The fourth conversion method does not determine the rotation angle in advance, but also performs the processing of determining the rotation angle, like the second and third conversion methods.
The image processing unit 123 that executes the fourth conversion method includes the same functional blocks as the image processing unit 123 when executing the first conversion method. The image processing unit 123 that executes the fourth conversion method includes a frame dropping unit 123A, a three-dimensional model generation unit 123B, a three-dimensional model rotation unit 123C, and a two-dimensional image generation unit 123D. Those configurations and functions are that the three-dimensional model rotation unit 123C in the case of executing the fourth conversion method does not previously record the data specifying the rotation angle, and the rotation angle change data for changing the rotation angle. Is input from the main control unit 122 to the three-dimensional model rotation unit 123C, and the three-dimensional rotation model rotation unit 123C receives the rotation angle change data every time the rotation angle change data is received. All are the same as the case of the first conversion method except that the rotation angle for rotating the three-dimensional model of the target face is changed based on the above.
Even when the fourth conversion method is executed, the converted moving image data generated by the image processing unit 123 is sent to the output unit 125, as in the case where the first conversion method is executed. This data is sent from the output unit 125 to the display 101. Then, on the display 101, a moving image based on the converted moving image data will be displayed, as will be described later. This display is performed in substantially real time after the image is captured by the camera 210, preferably within 0.5 seconds.
The user inputs the rotation angle change data while looking at his / her own face (target face) displayed on the display 101, and rotates the target face little by little, for example, to target the target face displayed on the display 101. Adjust so that your face is basically facing the front. The rotation angle change data is input using the input device 102. The rotation angle change data reaches the main control unit 122 in the same manner as other data input by the input device 102, and is sent from the main control unit 122 to the three-dimensional model rotation unit 123C. The rotation direction of the three-dimensional model is not limited to this, but may be only the vertical direction (around the X axis) and the horizontal direction (around the Y axis). Of course, they can be input using the input device 102. The angle at which the three-dimensional model rotating unit 123C rotates the three-dimensional model when the target face displayed on the display 101 is basically facing the front, and after that, the three-dimensional model rotating unit 123C causes the three-dimensional model of the target face. It is determined as the rotation angle when rotating the model at a uniform angle.
Even when the fourth conversion method is executed, the converted moving image data is output from the image processing unit 123 to the output unit 125.
Even when the fourth conversion method is used, it is possible to input the data for executing the mode for determining the rotation angle from the input device 102, and the mode for determining the rotation angle is set to, for example, the input of the start data. It is preferable to do it beforehand.

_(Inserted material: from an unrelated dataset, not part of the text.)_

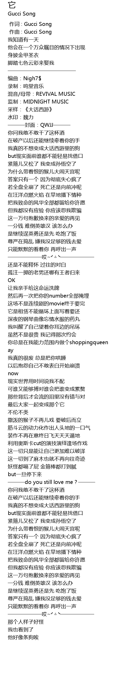 | [00:00.098] | zuò qǔ : Gucci Song |

Regardless of which of the first to fourth conversion methods described above is performed by the image processing unit 123, the output unit 125 receives the converted moving image data from the image processing unit 123 as described above. When receiving the converted moving image data, the output unit 125 sends it to the transmitting / receiving mechanism via the interface 114. The transmission / reception mechanism sends the converted moving image data to the computer device 100 specified by the above-mentioned designated data, that is, the computer device 100 included in the second communication system 10-2.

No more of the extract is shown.